ENCS follows Cisco's overall SDN strategy. The Cisco VNF software inside the system could run on an x86 server, but there are significant consequences, said Prashanth Shenoy, a Cisco vice president for enterprise solutions marketing.
"We won't be able to guarantee the performance and the benchmark capabilities that we can provide with [our] hardware," he said.
Cisco has built ENCS as a "complete package solution" that includes automation software for service chaining and provisioning, Shenoy said. ENCS can run in the data center, or a wired or wireless LAN in a branch office.
Besides the ENCS platform, companies can run Cisco VNFs on the vendor's 4000 Series Integrated Services Routers. Companies also can deploy the network services on Amazon's or Microsoft's public clouds. Instances of the Cisco software are available through the cloud providers' marketplaces.

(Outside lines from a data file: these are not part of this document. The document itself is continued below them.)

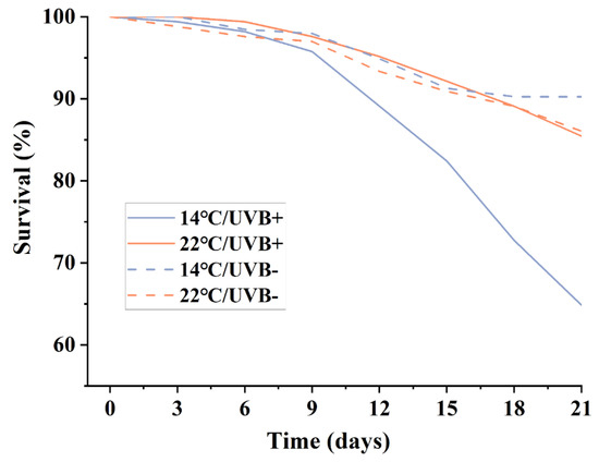Effect of UVBR (solid lines) and UVBR–free (dashed lines) environments in combination with either a 14 (blue lines) or 22 °C (red lines) temperature on the survival of Rana kukunoris tadpoles. Lines show the trend in mortality for each treatment over the 21 day exposure period. The survival of tadpoles in the 14 °C/UVBR group was only 65%, which was lower than that in the other three groups.
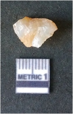 | Description / विवरण | It is chalcedony flake. Translucent in appurtenance. The piece is shows sharp pointed ends and flake scars on the surface. As a result of flaking. |
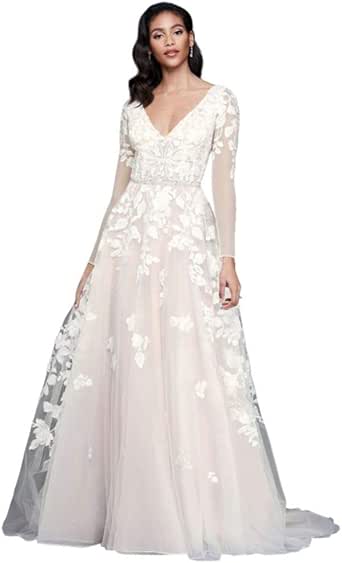David S Bridal Illusion Sleeve Plunging Ball Gown Wedding Dress
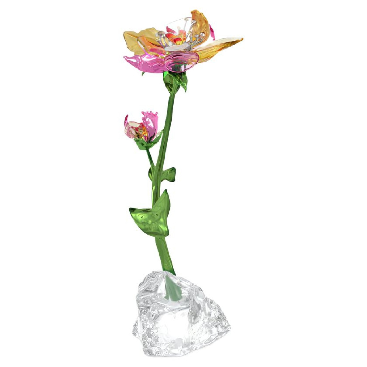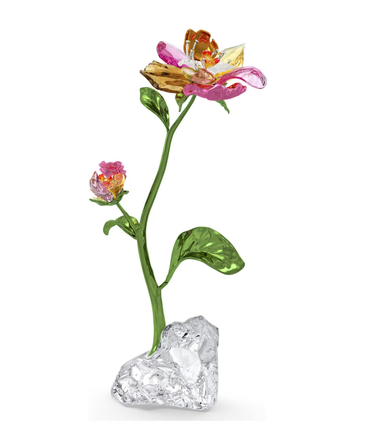 Обнимите цветок, который всегда в полном расцвете. Эта необычная фигурка, возвышающаяся на своем элегантном зеленом стебле, изготовлена из различных оттенков желтых и розовых кристаллов со 136 красивыми гранями, дополнена лакированными металлическими акцентами и 23 дополнительными камнями. Яркий штрих природы, который украсит любой дом. Предмет декора. Не игрушка. Не подходит для детей младше 15 лет.
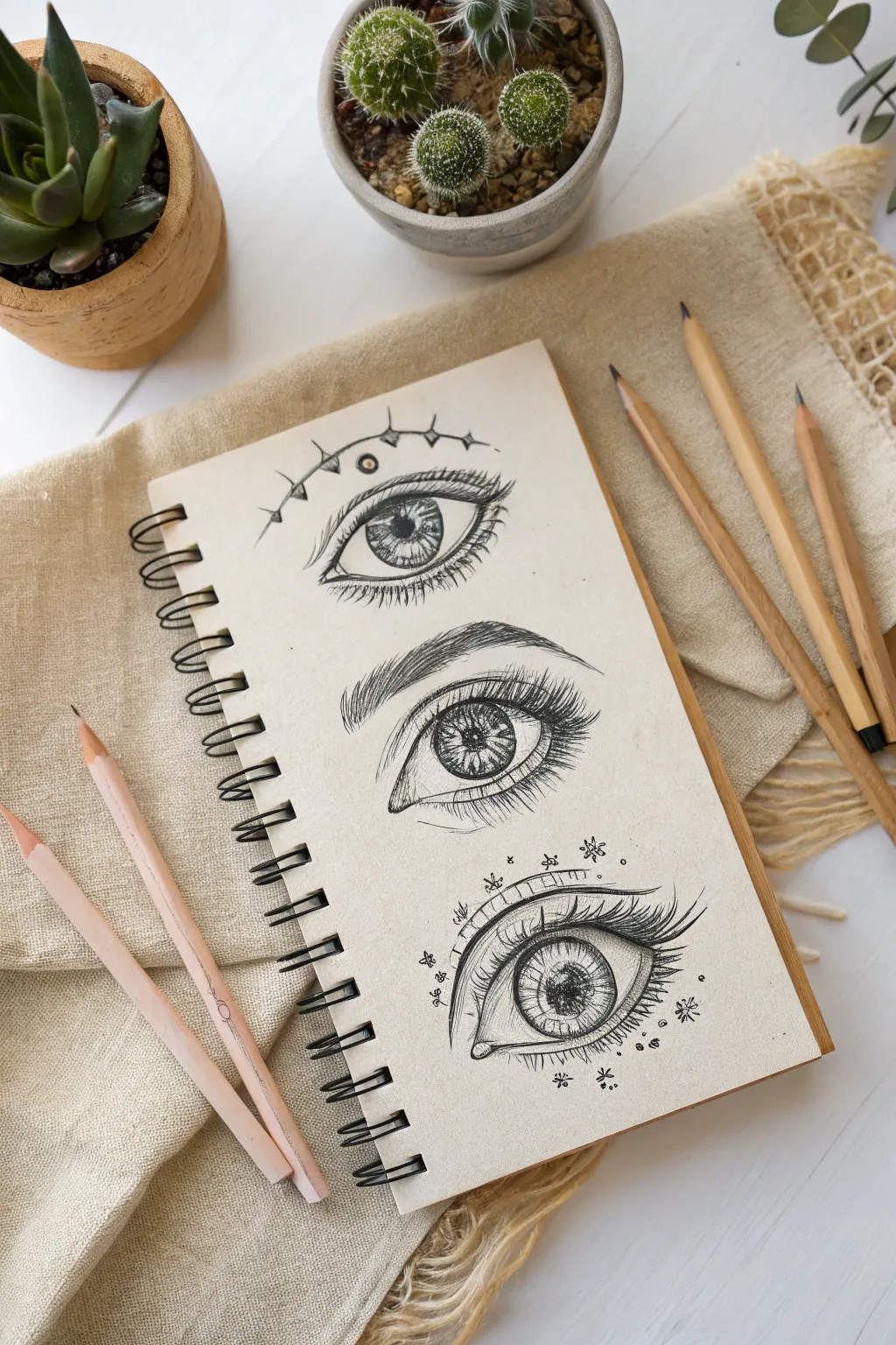 Create a page of multiple eye styles for a fun comparison. It’s like having a mini gallery right in your sketchbook!
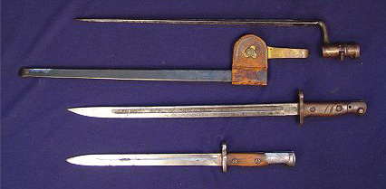 LOT OF 3 INDIAN WARS ERA BAYONETS: To include 1) 1907 Remington, no scabbard 2) Indian wars era US stamped with scabbard and US hanger 3) Plain bayonet, no scabbard, no markings.
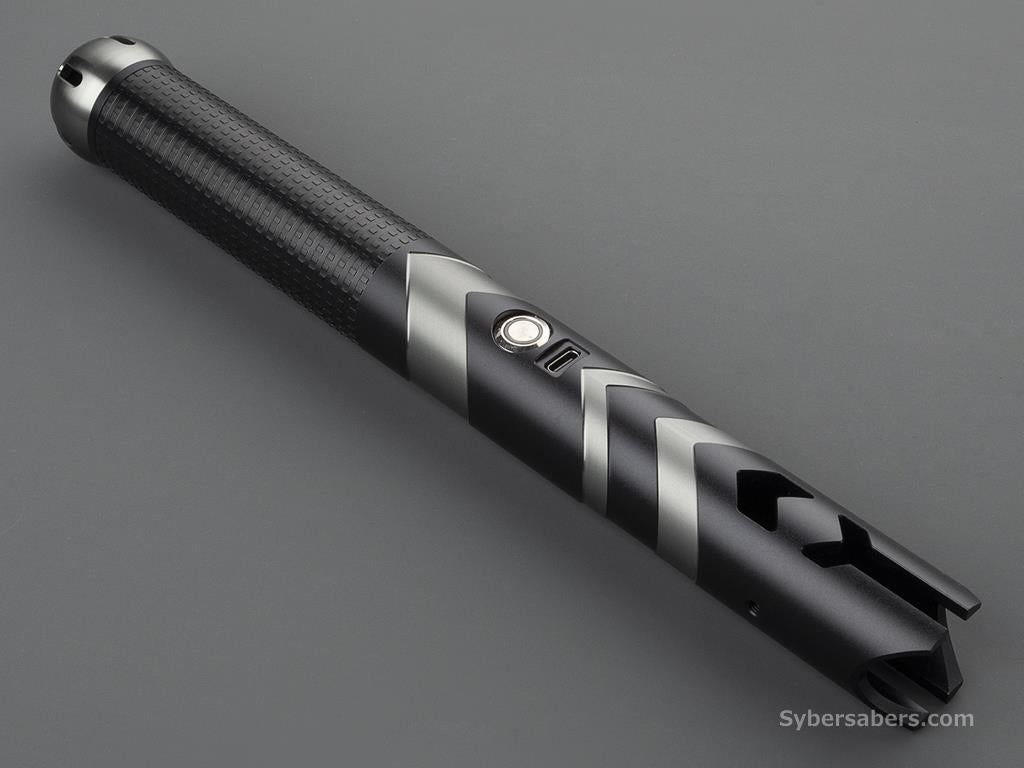 ブラック×ガンメタルのカラーリングでグリップ部分にはローレット加工が施されています。ポンメルは丸みを帯びた西洋風デザインになっています。
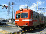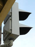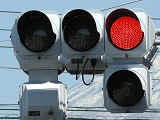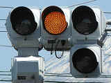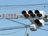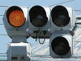 信号交差点に隣接する踏切の「踏切用信号」として使用されている灯器です。通常は左黄点滅で、列車が接近すると中黄、赤の順に変わり、踏切が作動します。なお、交差点に進入する側は、交差点の信号が赤になる少し前にも中黄、赤の順に変わります。
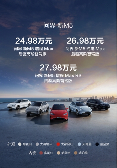 24.98 萬(wàn)元起,AITO 問(wèn)界新 M5 正式發(fā)布:全系標配華為高階智駕
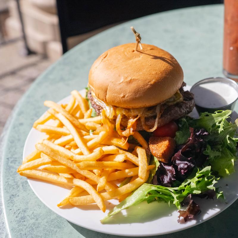 All burgers are ground chuck patties cooked to order and served with French fries and a choice of a homemade salad: Green Salad, Coleslaw, Potato, or Fruit.
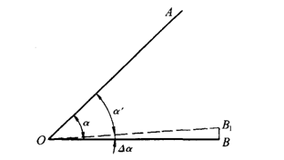 测设已知角度时,只给出一个方向,按已知角值,在地面上测定另一方向。如图4-3,OA为已知方向,要在O点测设角。为此,在O点设置经纬仪,以正镜测设值得B"。为了消除仪器误差的影响,再以倒镜测设角得B。取B"B之中得B1,则AOB1即为所设之角。
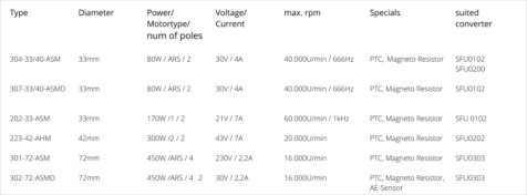 Type Diameter Power/ Voltage/ max. rpm Specials suited Motortype/ Current converter num of poles 304-33/40-ASM 33mm 80W / ARS / 2 30V / 4A 40.000U/min / 666Hz PTC, Magneto Resistor 307-33/40-ASMD 33mm 80W / ARS / 2 30V / 4A 40.000U/min / 666Hz PTC, Magneto Resistor 202-33-ASM 33mm 170W /1 / 2 21V / 7A 60.000U/min / 1kHz PTC, Magneto Resistor 223-42-AHM 42mm 300W /2 / 2 43V / 7A 20.000U/min PTC, Magneto Resistor 301-72-ASM 72mm 450W /ARS / 4 230V / 2,2A 16.000U/min PTC, Magneto Resistor 302-72-ASMD 72mm 450W /ARS / 4 2 230V / 2,2A 16.000U/min PTC, Magneto Resistor, AE-Sensor
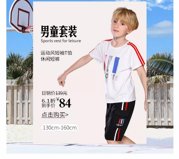 搭配费时间?套装轻松搞定!夏季孩子免不了嬉戏打闹,一套酷酷的运动套装让孩子舒适愉快的玩耍。
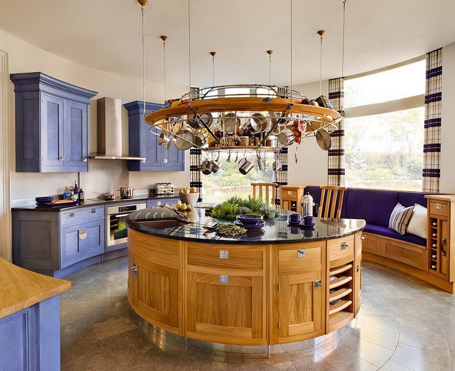 Уставшим от прямых углов и линий, понравится необычная кухня, разместившаяся в полукруглом эркере. Для изготовления мебели использовано дерево ясеня, сочетая фасады натуральной древесины и окрашенные. Стилистическим акцентом данного интерьера является кухонный остров необычной круглой формы с гнутыми фасадами. Над островом расположено интересное крепление для посуды, форма которого вносит футуристичные нотки в замысловатый дизайн. Мягкий уголок выдержан в том же стиле и чернильной цветовой гамме, что и гарнитур. Удивительная и комфортная кухня непременно порадует модным, функциональным и эргономичным дизайном.
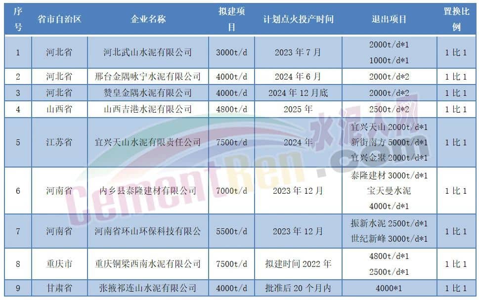 2022年公告的9个水泥熟料项目等量置换,多个项目缓建或撤销
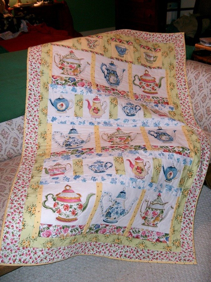 NancyO Tea Pots for Terrie - My secret pal collected tea pots, so I wanted to make her a special quilt of tea pots. Used printed tea pot fabric set in strips with sashings.
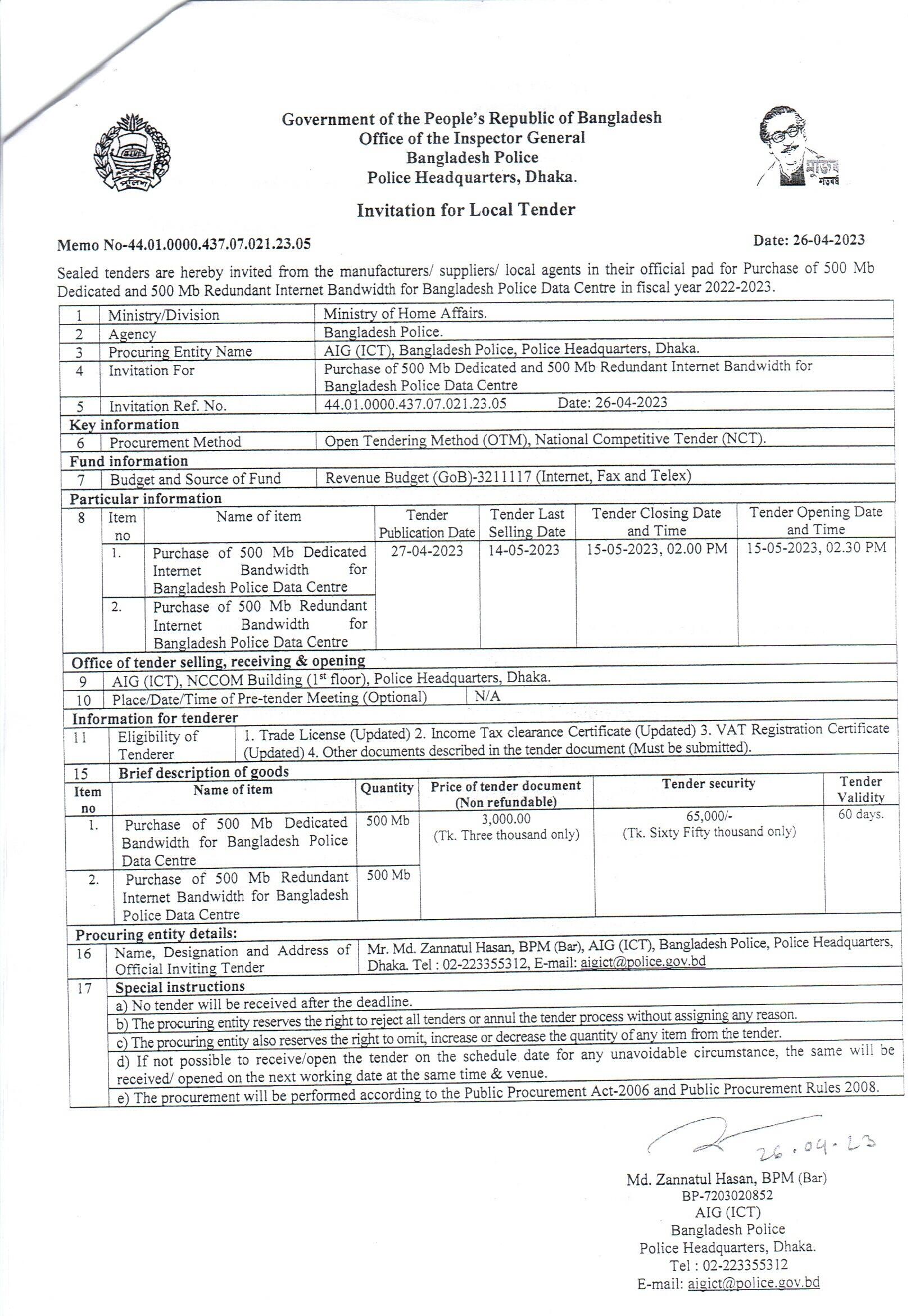 Invitation for Local Tender (ICT Section, PHQ, Dhaka ), Memo No - 05
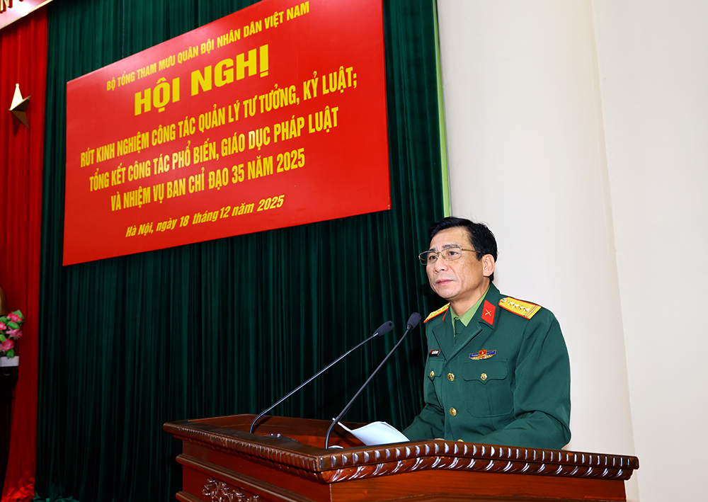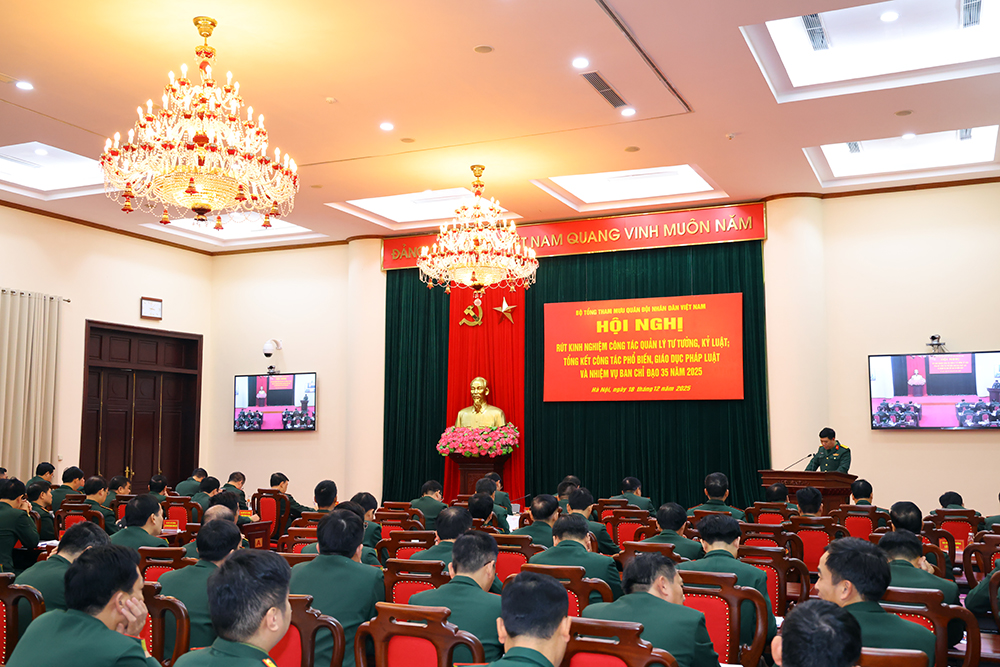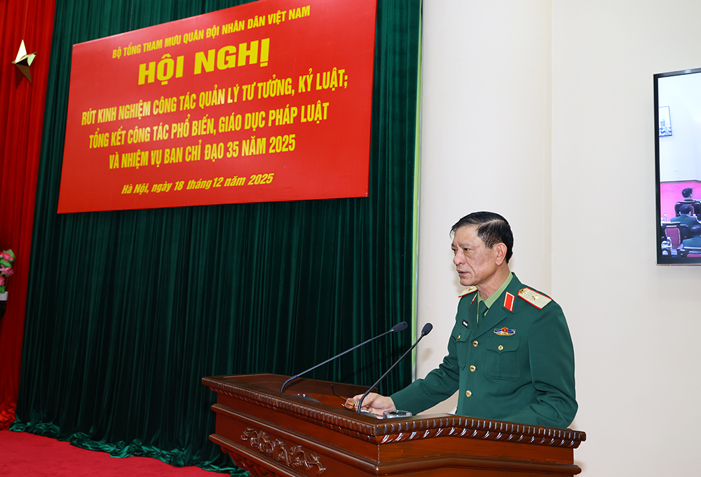 (Bqp.vn) - Chiều 18/12, tại Hà Nội, Bộ Tổng Tham mưu QĐND Việt Nam tổ chức Hội nghị rút kinh nghiệm công tác quản lý tư tưởng, kỷ luật; tổng kết công tác phổ biến, giáo dục pháp luật và nhiệm vụ Ban Chỉ đạo 35 năm 2025. Thiếu tướng Nguyễn Ngọc Đoàn, Phó Bí thư Đảng ủy BTTM - Cơ quan Bộ Quốc phòng, Chủ nhiệm Chính trị BTTM chủ trì hội nghị.

Cisco software-defined security
Cisco also announced security enhancements aimed at protecting the company's virtualized network services. The additional technology is needed to address security problems that come with the use of virtualization, said Jim Duffy, an analyst with 451 Research.
"Though virtualization makes a network more agile and responsive, the abstraction also reduces visibility into how it's operating or what it's transporting," Duffy said. "And as more things are easily connected in a virtual network, those new connections also present more opportunities for intrusions."
Cisco delivers security to virtualized network services through its Identity Services Engine. Network engineers use ISE to create policies and push them out to Cisco's TrustSec technology. Products with TrustSec include data center switches, routers and firewalls.
TrustSec uses the instructions to set up logical groups of computers that share a network resource. The groupings, called network segmentation, prevent hackers from running freely in corporate networks.
With the ENCS announcement, Cisco has made TrustSec available on the company's branch routers, wireless controllers and access points. As a result, the vendor said it could provide segmentation from the edge of the network to the data center.